Having devoted a majority of my college career to journalism, I’ve come to consider it an art form. The technique of interviewing. The process of editing. The craft of storytelling. Despite spending years honing those skills, I now realize this passion of storytelling is something I have taken for granted. I have become so accustomed to telling someone else’s story, I had forgotten that sometimes it’s more important for them to tell their own.
During our five weeks in Cambodia, we have partnered up with the Siem Reap-based NGO, the Ponheary Ly Foundation (PLF). Each of us has been assigned to various projects, from working with students in classrooms, to helping PLF graduates expand a start-up business. Of course, when I was informed that PLF was looking to redesign its media curriculum, I felt excited to lend a hand. Working alongside Florencia (another student of Lang in Cambodia) and the organization’s two media teachers, we reinvented the curriculum and ran a pilot class with six students. Now that we’re nearing the end of our time here, I can confidently say that these youth have far more to offer to me than I do to them.
One of the exercises in the media class was to create a storyboard for a photo series. Prior to going out and taking photos, students had to come up with ideas for what they wanted their story to be about. I was asking one of the students what she wanted to show in her photo story. She said she didn’t have any ideas, so I told her she could tell a story about anything she found interesting or thought was important. And then she told me, “But I don’t think other people care about what I think is important.”
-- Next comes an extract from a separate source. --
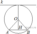 Радиус окружности с центром в точке O равен 65, длина хорды AB равна 50 (см. рис.). Найдите расстояние от хорды AB до параллельной ей касательной k.

It’s quite easy to overlook this exchange. Yet, it is undeniable that this sentiment is illustrative of the way many underprivileged youth here in Cambodia feel about their relationship to the larger world. I wanted to say the following to that student: “The feeling that there is some sort of universal indifference to your opinions about your life, your people, or your country, is the result of intergenerational trauma from oppressive leaders even beyond your own borders, a massive bombing campaign and genocide, a lack of the most basic infrastructure from education to proper sanitation, and countless international organizations transplanting ill-fitting “solutions” to your home, a place those strangers are often terribly unfamiliar with. I wanted to tell her that there is a history behind the statement she made – a history that does not need to repeat itself.” I wanted to tell her that the first step in charting a new path forward is to allow Cambodians to write a new story themselves.
This rewriting isn’t literal either. It shouldn’t only be applied in the context of media and journalism. This type of self-determination should become integral to the work of every organization, especially foreign, that enters a new place. Development workers should not solely be thinking of how they can identify problems and how they can fix them, but rather how they can work alongside Cambodian people to carry on those projects themselves.
I just graduated from The New School this May, and I had a plan that now seems in some ways contradictory to the politics I believe. Now, I have started the process of reassessing my method, and seeing how I can apply this newfound knowledge to whatever role I choose to occupy in the process of change, whether it be through a career in journalism or development.